Converted-wave amplitude versus offset (AVO) behavior may be fit with a cubic relationship between reflection coefficient and ray parameter. Attributes extracted using this form can be directly related to elastic parameters with low-contrast or high-contrast approximations to the Zoeppritz equations. The high-contrast approximation has the advantage of greater accuracy; the low-contrast approximation is analytically simpler.

The two coefficients of the low-contrast approximation are a function of the average ratio of compressional-to-shear-wave velocity (α/β) and the fractional changes in S-wave velocity and density (Δβ/β and Δρ/ρ). Because of its simplicity, the low-contrast approximation is subject to errors, particularly for large positive contrasts in P-wave velocity associated with negative contrasts in S-wave velocity. However, for incidence angles up to 40° and models confined to |Δβ/β| < 0.25, the errors in both coefficients are relatively small.

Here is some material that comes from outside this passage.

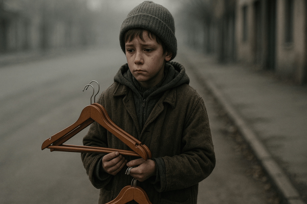 Pe străzile orașului nu vînd umerașe doar copiii din Cîmpeni. O familie întreagă de la Vadu Crișului le face concurență. I-am cunoscut în 1993. Copiii de la Vad au crescut. Frumoși, rumeni în obraji, pistruiați și sfioși, au 10 ani vechime în muncă. Pe al mai mic dintre ei l-am întrebat atunci ce-și doreste cel mai mult. „O mașină”, mi-a răspuns copilul. L-am cautat acum să-l vad cum i-au mers afacerile și daca i-au dispărut pistruii. „Mai vrei o mașină?” „Sigur, o să mă fac șofer!” Copilul care a bătut străzile cu picioarele copilăriei lui, purtînd umerașele în spate, în toți acești ani, a visat la mașina care să-l poarte pe roți, adăpostit de frig și ploaie. Ei știu ce vor.

Converted-wave AVO crossplotting of the coefficients of the low-contrast approximation is a useful interpretation technique. The background trend in this case has a negative slope and an intercept proportional to the α/β ratio and the fractional change in S-wave velocity. For constant α/β ratio, an attribute trace formed by the weighted sum of the coefficients of the low-contrast approximation provides useful estimates of the fractional change in S-wave velocity and density. Using synthetic examples, we investigate the sensitivity of these parameters to random noise.

Integrated P-wave and converted-wave analysis may improve estimation of rock properties by combining extracted attributes to yield fractional contrasts in P-wave and S-wave velocities and density. Together, these parameters may provide improved direct hydrocarbon indication and can potentially be used to identify anomalies caused by low gas saturations.